Exercise input
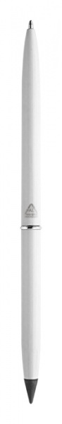 Otočné guľôčkové pero s modrou náplňou z recyklovaného hliníka so špičkou z kovovej zliatiny, ktorá oxiduje papier. Toto pero píše podobne ako ceruzka a navyše je stierateľné.
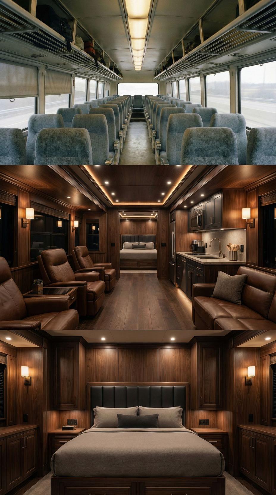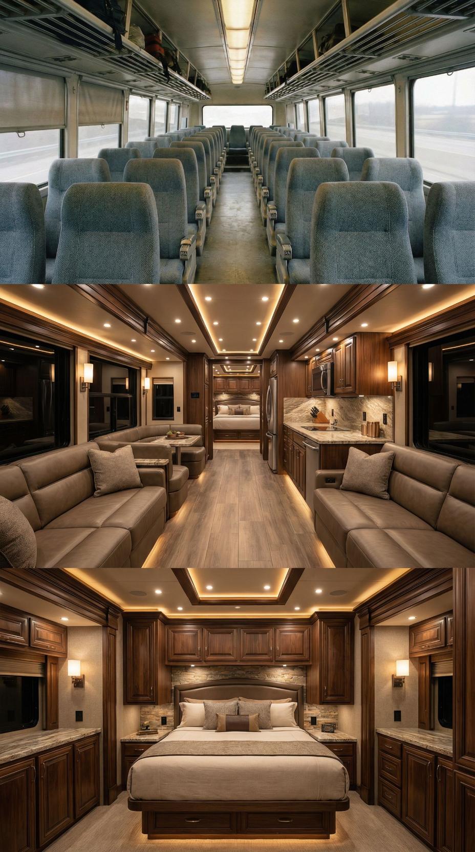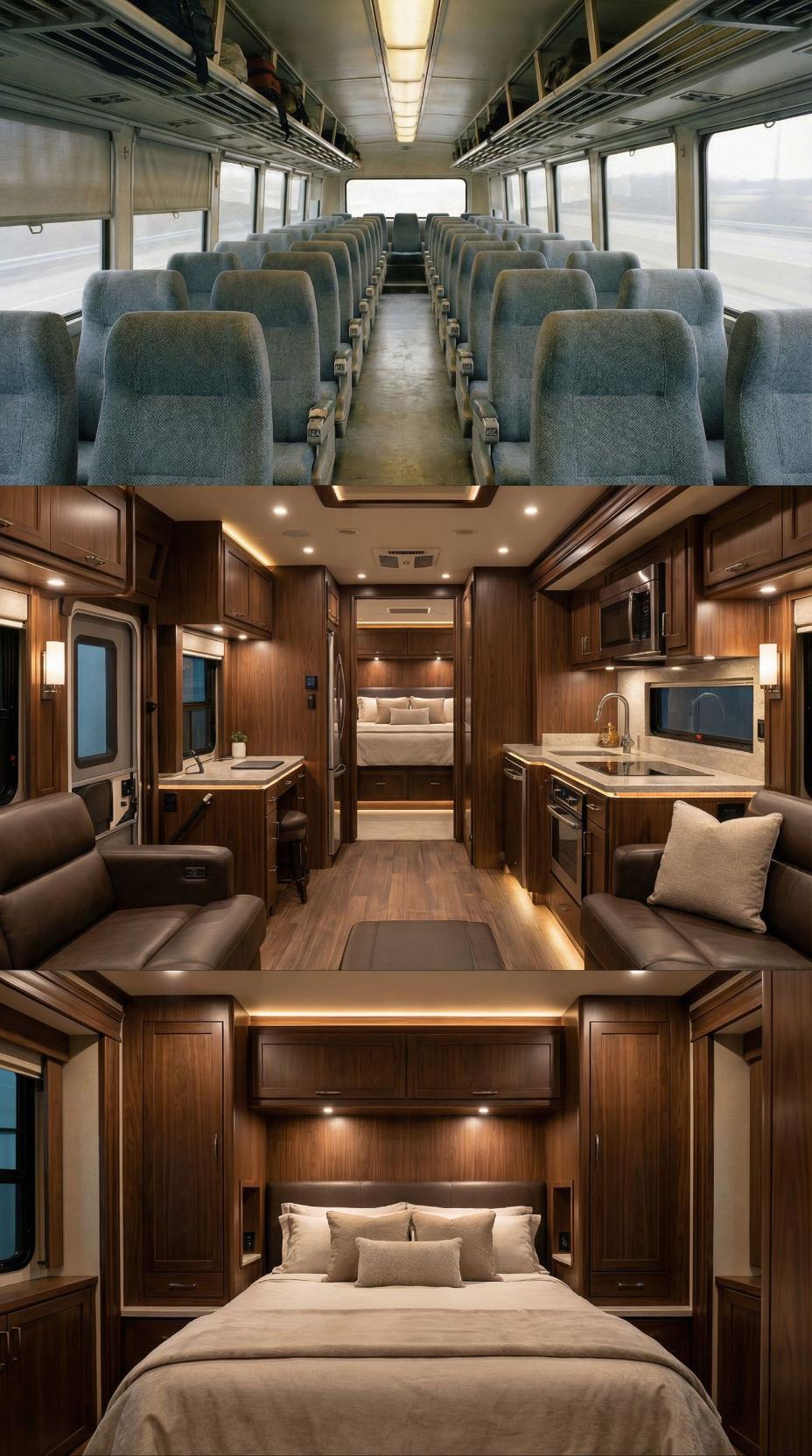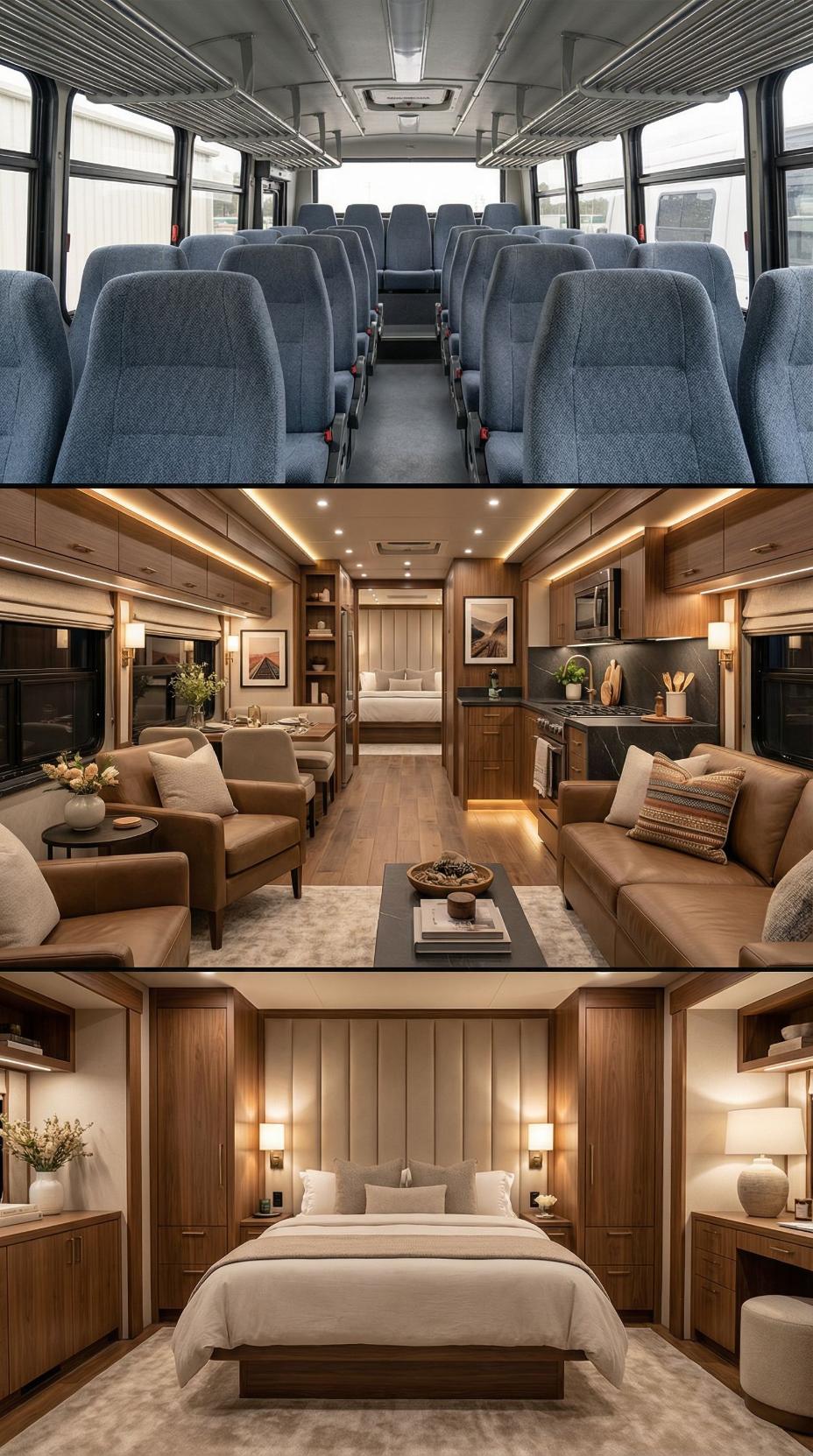 Rows of worn blue fabric bus seats transform into an elegant motorhome featuring rich walnut cabinetry throughout. The conversion showcases a complete galley kitchen with stainless steel appliances, leather seating areas, and a private bedroom suite. Recessed lighting and neutral upholstery create a sophisticated atmosphere that rivals high-end hotels while maintaining efficient use of space.
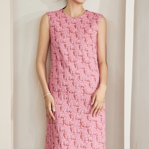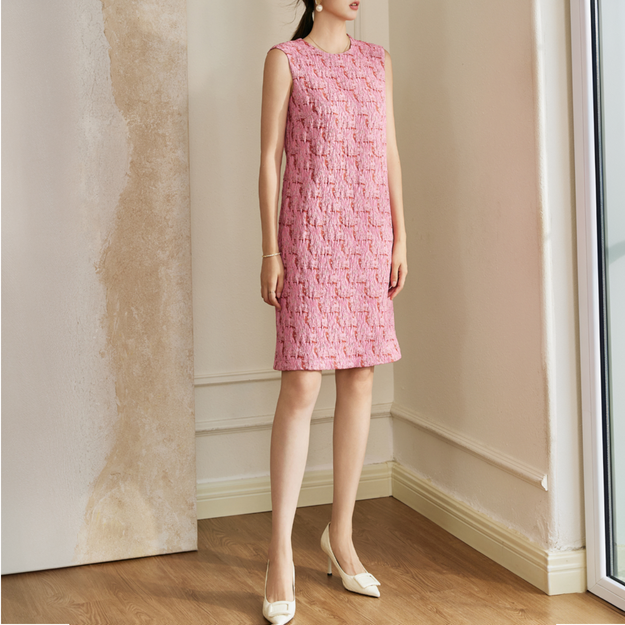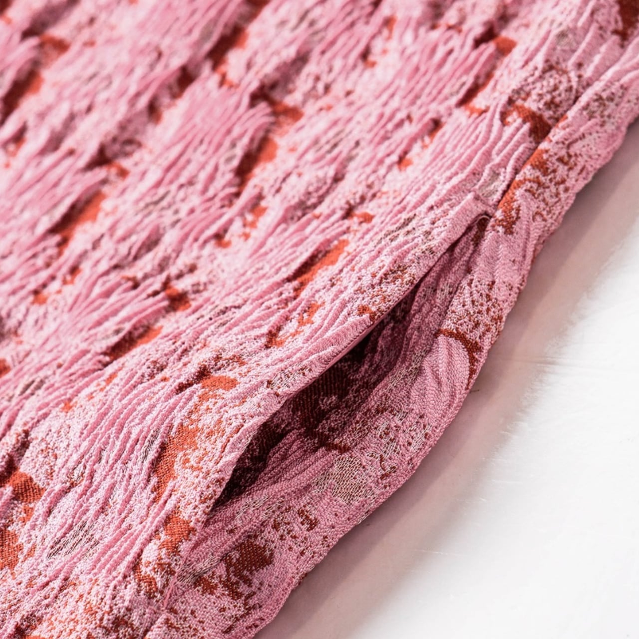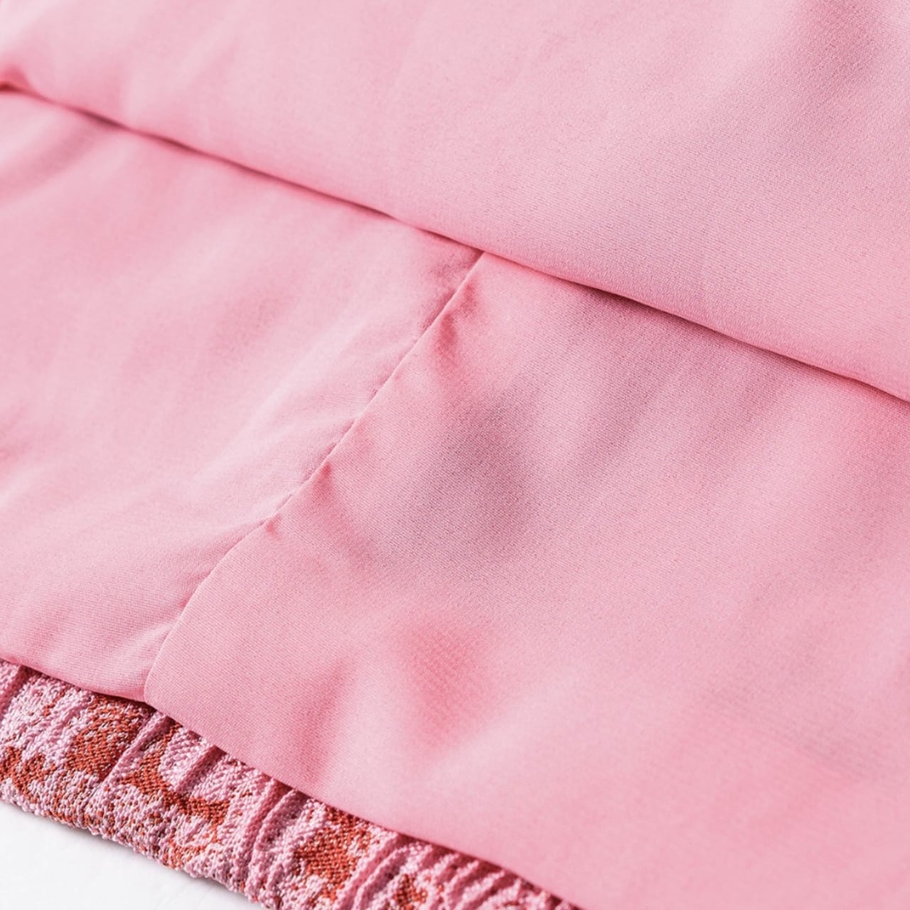 腰丈で洗練されたシルエットが魅力。上品なピンクの柄が、女性らしさを引き立てます。
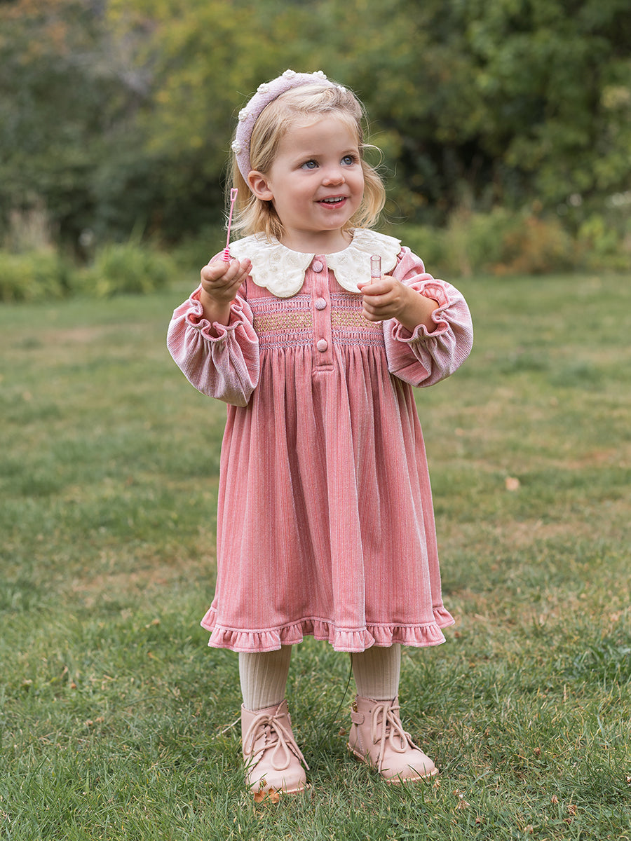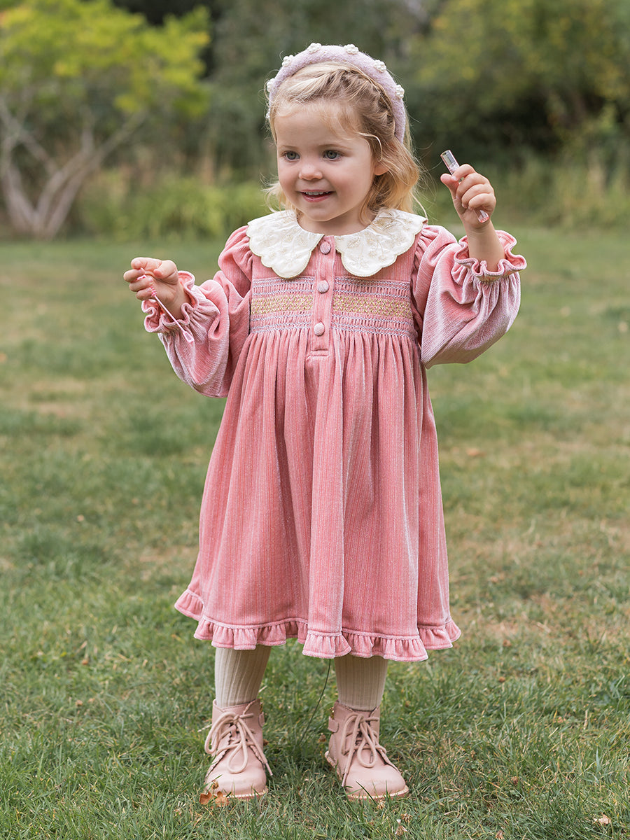 Julie Smocking Dress, Velvet Pink
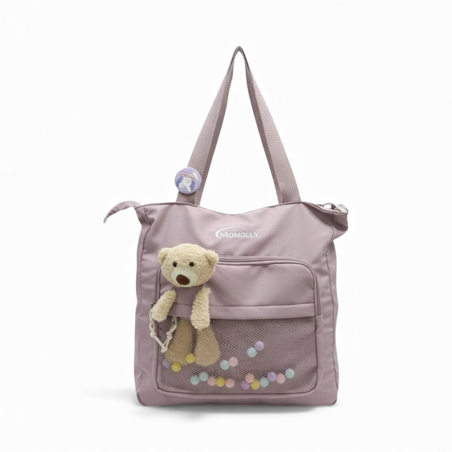 شنطة كروس momlly بدمية الدب مع جيب شبكى شفاف
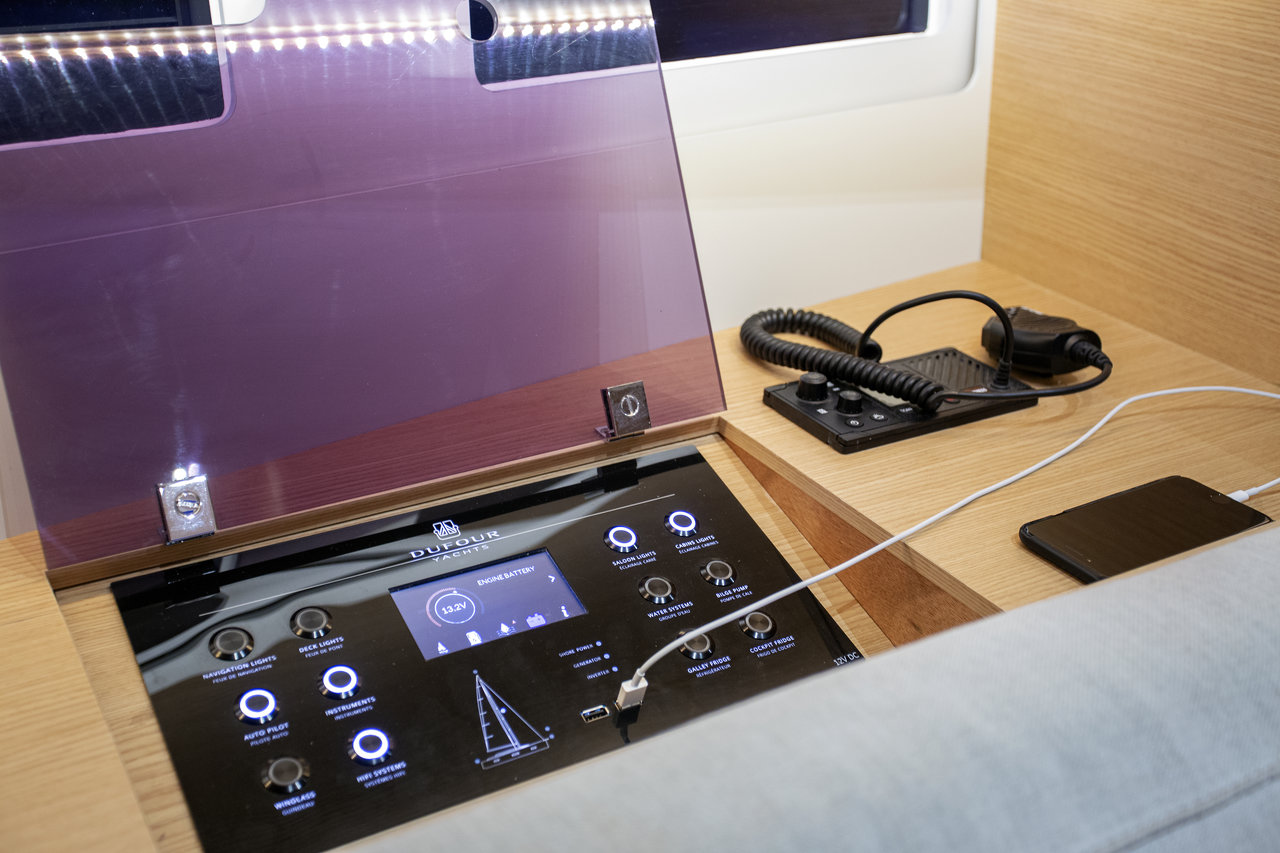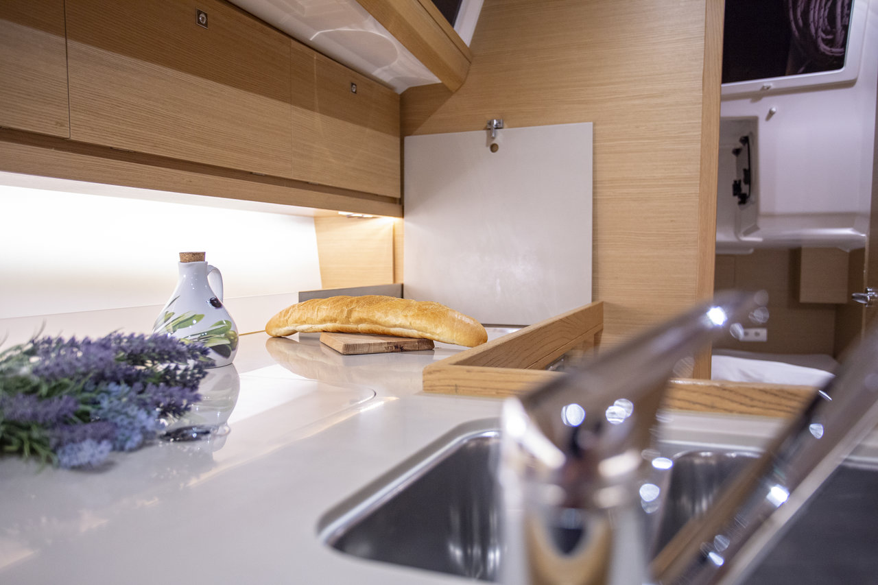 | Outside | Biminitop, Cockpitdusche, Cockpitlautsprecher, Cockpittisch, elektr. Ankerwinsch, Gas-Barbecue-Grill im Cockpit, Sprayhood, Spülbecken im Cockpit |

What to do
Return the records exactly. Don't carry the pictures over.

Result below
 Otočné guľôčkové pero s modrou náplňou z recyklovaného hliníka so špičkou z kovovej zliatiny, ktorá oxiduje papier. Toto pero píše podobne ako ceruzka a navyše je stierateľné.
 Rows of worn blue fabric bus seats transform into an elegant motorhome featuring rich walnut cabinetry throughout. The conversion showcases a complete galley kitchen with stainless steel appliances, leather seating areas, and a private bedroom suite. Recessed lighting and neutral upholstery create a sophisticated atmosphere that rivals high-end hotels while maintaining efficient use of space.
 腰丈で洗練されたシルエットが魅力。上品なピンクの柄が、女性らしさを引き立てます。
 Julie Smocking Dress, Velvet Pink
 شنطة كروس momlly بدمية الدب مع جيب شبكى شفاف
 | Outside | Biminitop, Cockpitdusche, Cockpitlautsprecher, Cockpittisch, elektr. Ankerwinsch, Gas-Barbecue-Grill im Cockpit, Sprayhood, Spülbecken im Cockpit |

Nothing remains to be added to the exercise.